Japan’s exports fall, imports from China slump as virus impact widens

Cargo containers in Yangon. The government has announced a reduction in the country’s trade deficit to $905 million. The Myanmar Times. Sketched by the Pan Pacific Agency.

TOKYO, Mar 18, 2020, Reuters. Japan’s imports from China fell at their fastest pace in three decades in February, as the coronavirus ground factory production in Asia’s largest economy to a halt and damaged wider demand across the region, Japan Today reported.

Data released on Wednesday showed Japan’s exports slipped 1.0% from a year earlier, the 15th straight month of decline and the longest run since a 23-month stretch to July 1987.

Imports fell 14.0%, dragged by a 47.1% tumble in goods from China, the largest such drop since August 1986 as the world’s second-largest economy went into lockdown due to the spreading coronavirus. Two-way trade between the two countries was worth 33.14 trillion yen ($309.23 billion) in 2019.

While the extreme plunge in imports in February is likely to recover as Chinese factories slowly restart, analysts fear the global spread of the virus since then will pose an even greater challenge to Japan’s trade-reliant economy as shutdowns worldwide close businesses and national borders.

“Activity in China has started to recover but the country’s import levels are low,” said Takeshi Minami, chief economist at Norinchukin Research Institute.

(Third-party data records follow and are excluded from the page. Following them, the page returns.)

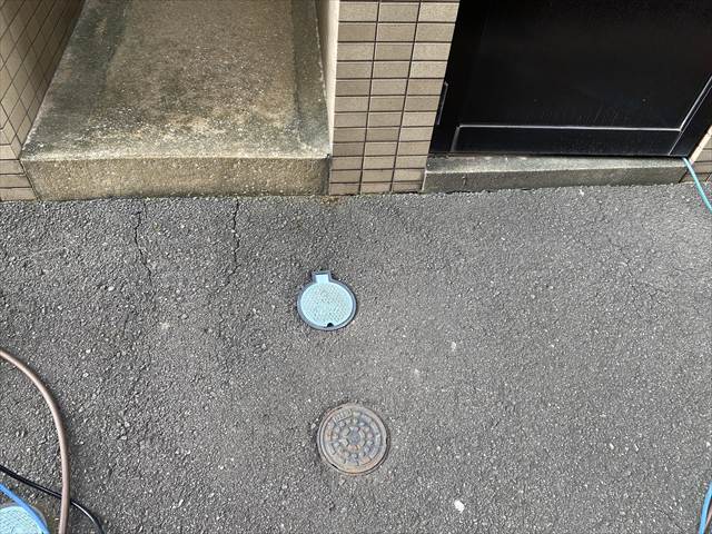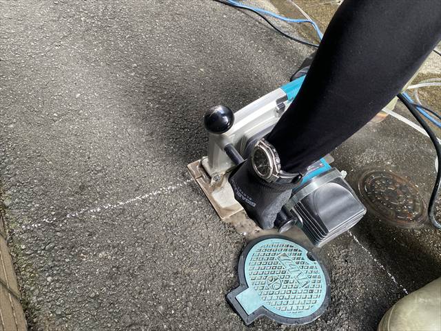 舗装下の埋設給水管の亀裂を確認し、補修いたしました。
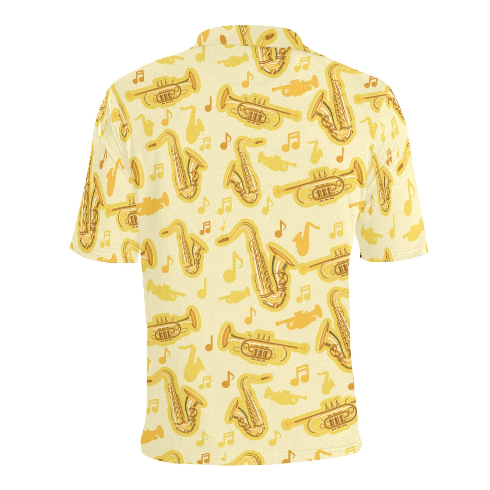 Saxophone cornet pattern yellow background Men's All Over Print Polo Shirt
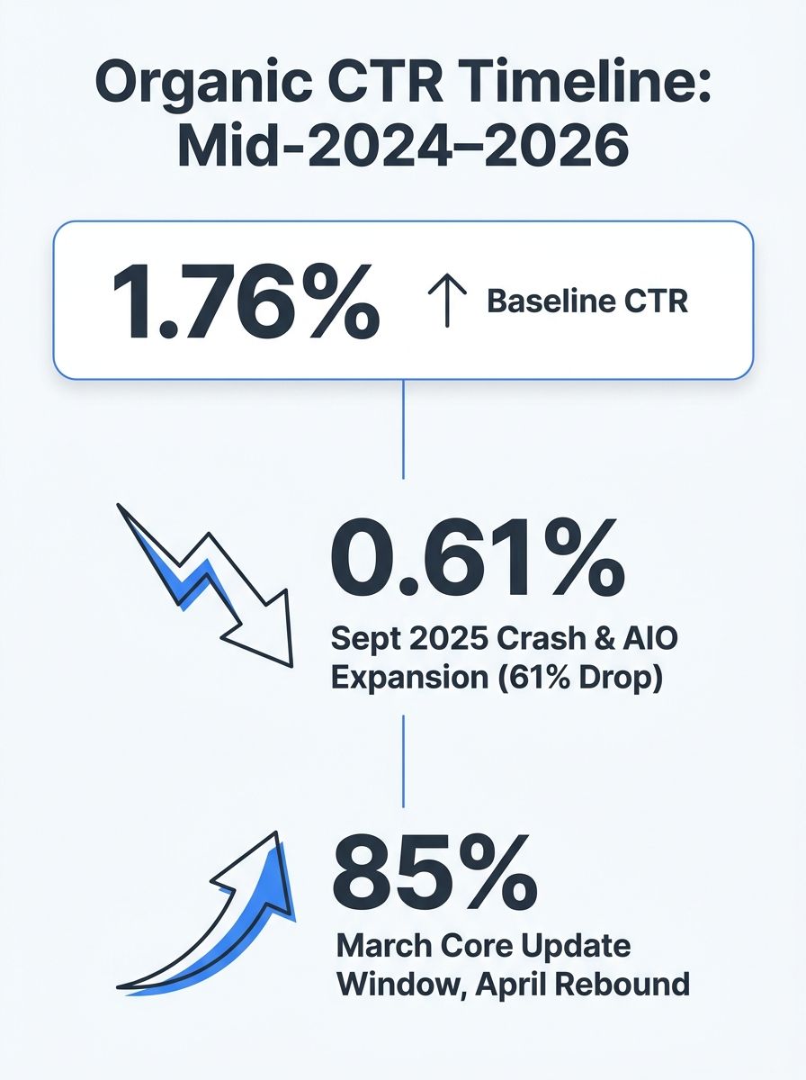 The data as of this week tells a story with clear phases. The initial AIO rollout through 2024 and early 2025 steadily eroded organic CTR. The September 2025 study quantified the damage at 61%. The erosion extended even to non-AIO queries, with a 41% CTR decline that pointed to broader behavioral shifts. The March 2026 core update reshuffled ranking signals and citation patterns. And now, in April 2026, the first credible rebound signal has appeared.

“Demand and production conditions around the world are falling. That may lead to a halt of exports (from Japan) going forward,” he said.

The 1.0% decline in total exports was due to weaker U.S.-bound shipments of cars and metal processing machinery to China.

The fall followed a 2.6% decrease in January and was smaller than a 4.3% decline expected by economists, with some segments such as non-ferrous metals and semiconductors posting stronger shipments.

The sharp fall in imports meant Japan’s trade surplus widened to 1.110 trillion yen ($10.34 billion), its largest since September 2007 and bigger than the median estimate for a 917.2 billion yen surplus.

The data is among the first real signs the world’s third-largest economy is struggling with the wider impact of the coronavirus. Many Japanese companies complained about the closing of factories in China and declining trade in a Reuters survey published on Wednesday.

“The novel coronavirus infection is affecting economic activity in China. We think there is a likelihood that especially impacted imports,” a finance ministry official said at a news briefing.

The data followed a survey the previous day that showed Japanese business confidence slumped to decade lows in March.

In addition to the virus, Japan’s economy is struggling with a hit to consumer demand from a sales tax hike last year as well as the lingering uncertainties that followed the Sino-U.S. trade war.

Minami from Norinchukin Research Institute said the fall in goods for China could also hit consumers if household good prices rise due to dwindling retail supplies. The biggest drags on Japan’s imports from China were clothes and communication devices such as mobile phones.

By region, Japan’s exports to China fell only 0.4% year-on-year in February largely due to the timing of the Lunar New Year holiday, which was held in February last year but officially began this year on Jan. 25.

That was the likely reason behind a sharp 6.4% fall in China-bound shipments in January and that, in turn, limited the decline in exports in February, analysts said.

Exports to Asia were up 1.7%, rising for the first time in 16 months.

U.S.-bound shipments, a key destination for Japanese cars and electronics, dropped 2.6% in February, posting a seventh straight month of declines due to falling exports of 3,000-cc cars and semiconductor production equipment.